An appraisal presents a pure factual presentation of data and information utilized by an expert to conclude to an opinion of value. In New York State, an appraisal is required to be exchanged and filed pursuant to Court Rule. 22 NYCRR Sec. 202.61. See Miriam Osburn Memorial Home Assoc. v Assessor of Rye, 2004 N.Y. Slip. Op. 50793 (U) (West. Sup. Ct. 2004).
The Appraisal Rule allows the parties to prepare for trial with knowledge of each other’s valuations and the foundations and justifications thereof. Parisi v State, 62 Misc2d 378, 382 (Ct. Cls., 1979). As the Fourth Department stated in Novickis v State of New York, 44 AD2d 508, 512 (4th Dept 1974), “[s]imply expressed, the rule attempts to require full disclosure, to take the game aspect out of the case, to prevent surprises, to permit the court to determine just compensation based solely upon the facts unhindered by gamesmanship.”
Most eminent domain trials involve complicated factual issues involving critical determinations that must be made by a court. Not only are there issues of highest and best use of the land, both before and after a partial taking, but there are critical issues involving comparable sales and valuation.

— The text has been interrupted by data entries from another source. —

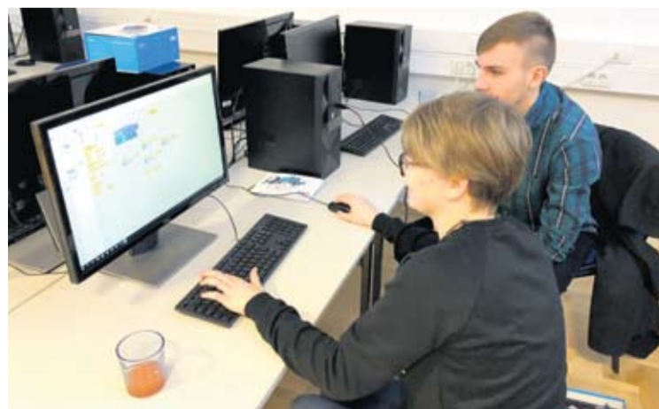
Srednjoškolci su učili programirati

● Polaznici su naučili kako napraviti aplikacije u kojima sami ubacuju različite funkcije, da se na pritisak tipke ili kada se protrese mobilni uređaj događa neka-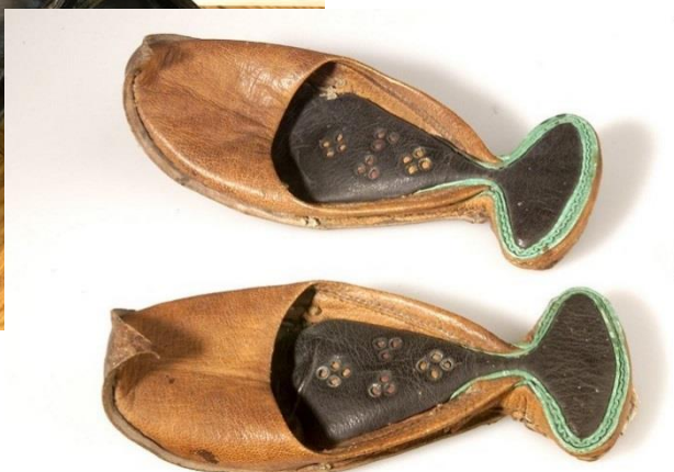
ساغری هاز جنس چرم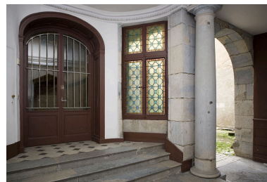
Vue de l'entrée de l'escalier.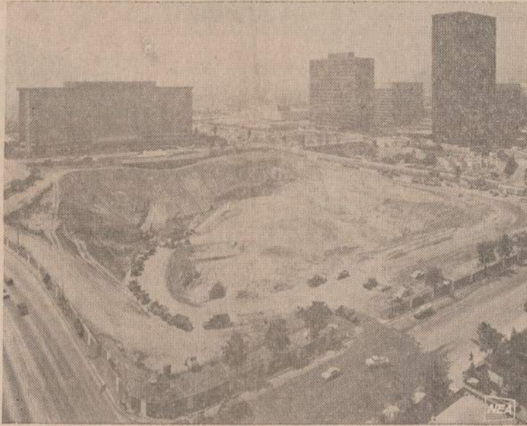
Kalifornijoje, Century City statomas didžiausias pasaulyje požeminis garažas, kur galės tilpti 6,000 automobilių. Kasama gili duobė, kurios žemės galėtų pripildyti pusantro Empire State pastato New York'e.

Šiais metais American Motors, kurių žinomiausieji gaminiai buvo Rambler modeliai, išleido naują modelį "Hornet".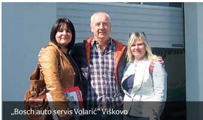
„Bosch auto servis Volarić“ Viškovo

poreza na tvrtku. Također, članak 17. iste Odluke navodi da su poreza na tvrtku oslobođena društva koja zapošljavaju invalide (ako je 40% ili više invalida, rehabilitiranih osoba ili osoba koje su na rehabilitaciji, u odnosu na ukupan broj zaposlenih).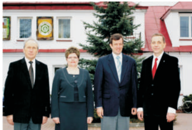
Władze gminy Terespol - nieprzerwanie od 20 lat

W 1992 roku gmina liczyła ponad 8 tys. mieszkańców, dziś jest nas o tysiąc mniej, na koniec 2011 roku gminę zamieszkiwało niewiele ponad 7 tys. osób.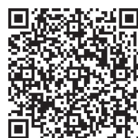
コンビニ等 の証明書発行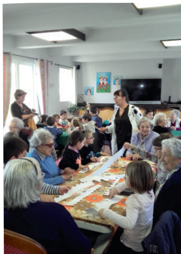
Une rencontre a été organisée le 26 janvier entre les résidents du Logis de Vaux et les élèves de CE1 avec le partage de la galette.

Case law emphatically holds that an appraisal is not the substitute for an expert’s direct testimony. The appraisal report is not in itself evidence; its function is to enable adequate and intelligent preparations of the issues for trial and to limit expert testimony at trial. It is not intended as a substitute for evidence. A trial is required to place the appraisal reports and other evidence before the trier of facts to establish the value of the property taken. Matter of Town of Guilderland, 267 AD2d 837 (3d Dept 1999) citing Homer v State of New York, 36 AD2d 333, 335 affd 30 NY2d 722 (1972).

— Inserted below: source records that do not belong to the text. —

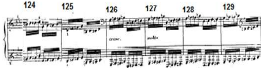
شكل رقم (٥) يوضح الإعادة الرابعة للحن الأول في الدراسة الثالثة ٢- اللحن الثاني :

من م ١٣٢ : م ٢٨٥ ( بدأ في سلم (دو الصغير) وإنتهى علي الدرجة السادسة لنفس السلم. والشكل التالي يوضح ذلك: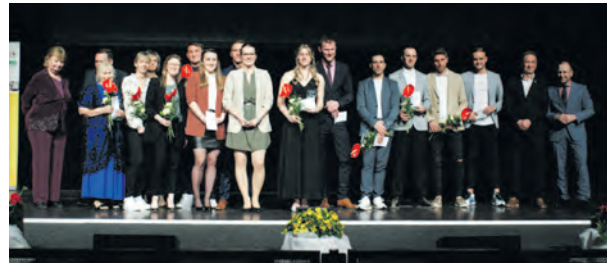
Die populärsten Sportler und Mannschaften auf einem Bild

Ein Statement, welches von den Zuschauern großen Beifall bekam.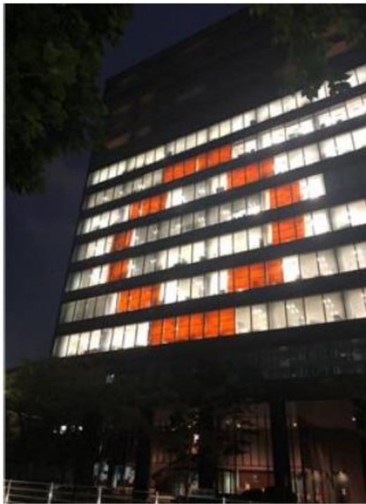
東京海上日動三番町ビル（東京都千代田区） のオレンジリングドレスアップ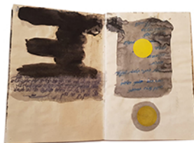
מיכאל בן אבו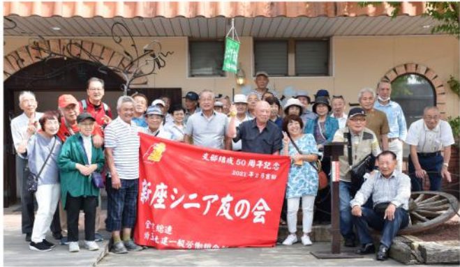
シニアはみんな仲よし

10月1日(日)に、32名が参加して新座支部シニア友の会のバスハイクが行われました。年寄りには朝が早いとよく言いますが、予定より10分ほど早く全員が集合し8時少し前に支部事務所前から、トイレ付きのバスに乗車して一路甲州路へ向かいました。

Utilizing comparable sales is the most common approach to value vacant land. If the property is income producing, the law in New York requires the income approach, or the capitalization of income. 41 Kew Gardens Road Associates v Tyburski, 70 NY2d 325 (1987). Most appraisers will also value income producing property by the market data approach as well.
Comparable sales must relate to the property being valued and in the vicinity similar to the property taken. Latham Holding Co. v State of New York, 16 NY2d 41 (1965). Comparable sales should be similar in size, zoning and use. Dann v State of New York, 40 AD2d 578 (4th Dept 1972). Using a property purchased to preserve as open space precludes its consideration because the highest and best use is not the same as the subject.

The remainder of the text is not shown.